The real world is changing every second and Google Maps is changing with it. Most often these changes happen behind the scenes in the form of road closures and new businesses. But today we’re making a few visual changes and additions to Google Maps on desktop, Android and iOS to help you better explore the world around you.

SS1.png

A cleaner look 

The world is full of information, which means highlighting necessary info on the map without overcrowding it is a balancing act. So as part of this update, we’ve removed elements that aren’t absolutely required (like road outlines). The result is a cleaner look that makes it easier to see helpful and actionable information like traffic and transit. And we’ve improved the typography of street names, points of interest, transit stations, and more to make them more distinguishable from other things on the map, helping you navigate the world with fewer distractions.

SS2.png

Areas of interest

The cleaner canvas also lets us show local information in entirely new ways. As you explore the new map, you’ll notice areas shaded in orange representing “areas of interest”—places where there’s a lot of activities and things to do. To find an “area of interest” just open Google Maps and look around you. When you’ve found an orange-shaded area, zoom in to see more details about each venue and tap one for more info. Whether you’re looking for a hotel in a hot spot or just trying to determine which way to go after exiting the subway in a new place, “areas of interest” will help you find what you’re looking for with just a couple swipes and a zoom.

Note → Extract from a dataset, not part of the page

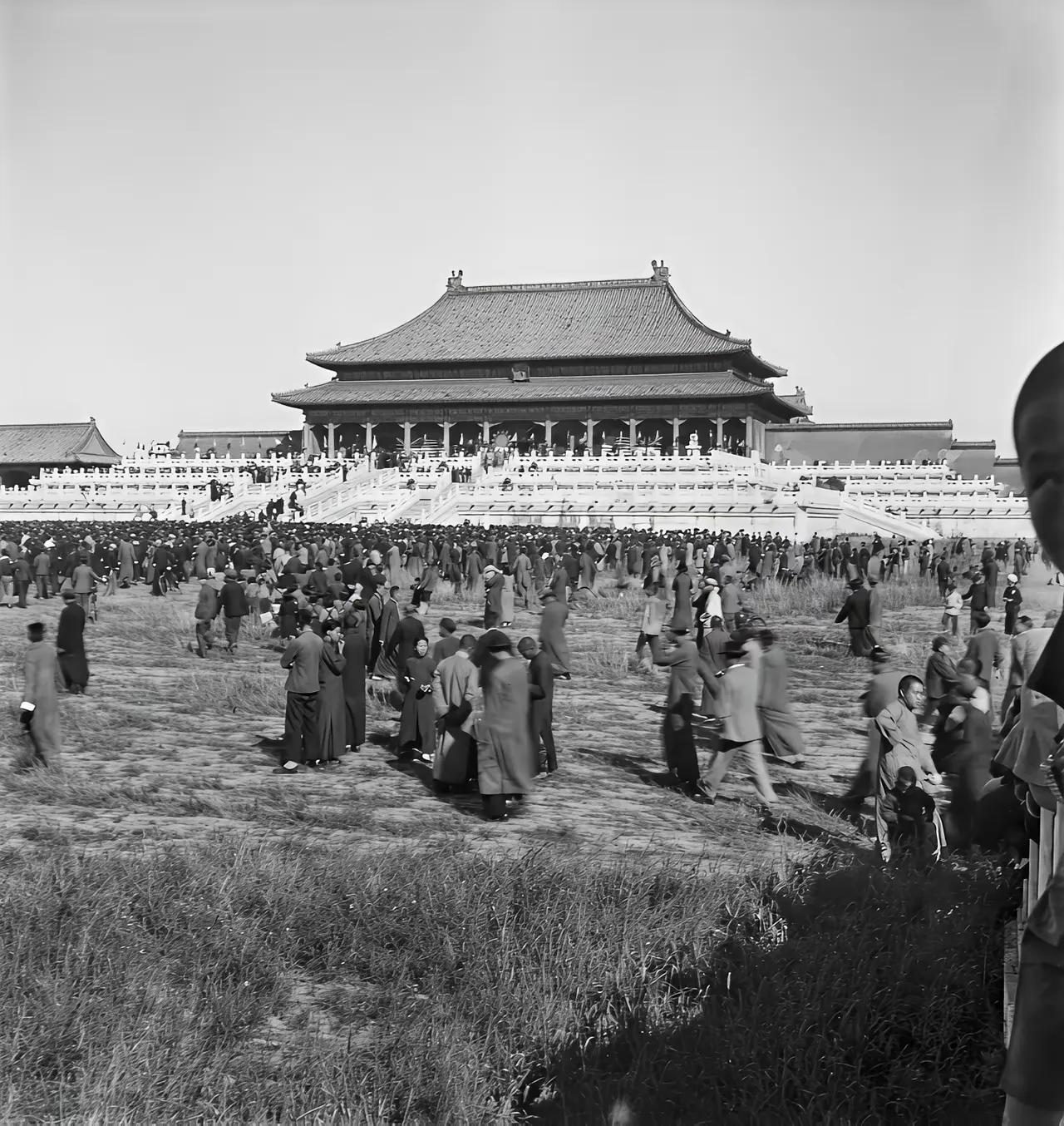 老照片回忆录:当年的故宫内荒草丛生,不过游玩的人依旧不少。古人所建的宫殿依旧巍峨屹立,仿佛在诉说着历史的变迁。 北京故宫
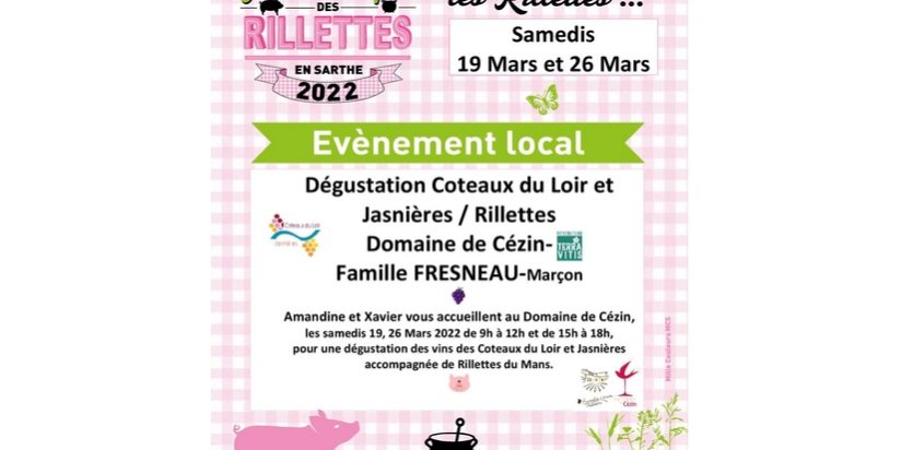 Ce week-end commencera la 5ème édition du printemps des rillettes en Sarthe. Beaucoup d’animations de prévues dans le département. Le domaine de Cézin à Marçon vous ouvre ses portes pour des dégustation rillette/vin. Amandine Fresneau, propriétaire du domaine de Cézin est notre invitée pour l’interview du jour ce mercredi 16 mars 18h, jeudi 17 13h, samedi 19 14h et dimanche 20 11h.

We determine “areas of interest” with an algorithmic process that allows us to highlight the areas with the highest concentration of restaurants, bars and shops. In high-density areas like NYC, we use a human touch to make sure we’re showing the most active areas.
Google Maps_Color.jpg

A more subtle and balanced color scheme

The new Maps has a subtle color scheme to help you easily differentiate between man-made or natural features, and quickly identify places like hospitals, schools or highways. In case you’re curious, here’s a key showing what each color on the map represents.


Google Maps already provides you everything you need to get around the world in one place — including business information, ratings and reviews, and more than 100+ million distinct places. And with these updates, it's now even easier to navigate to where you want to go.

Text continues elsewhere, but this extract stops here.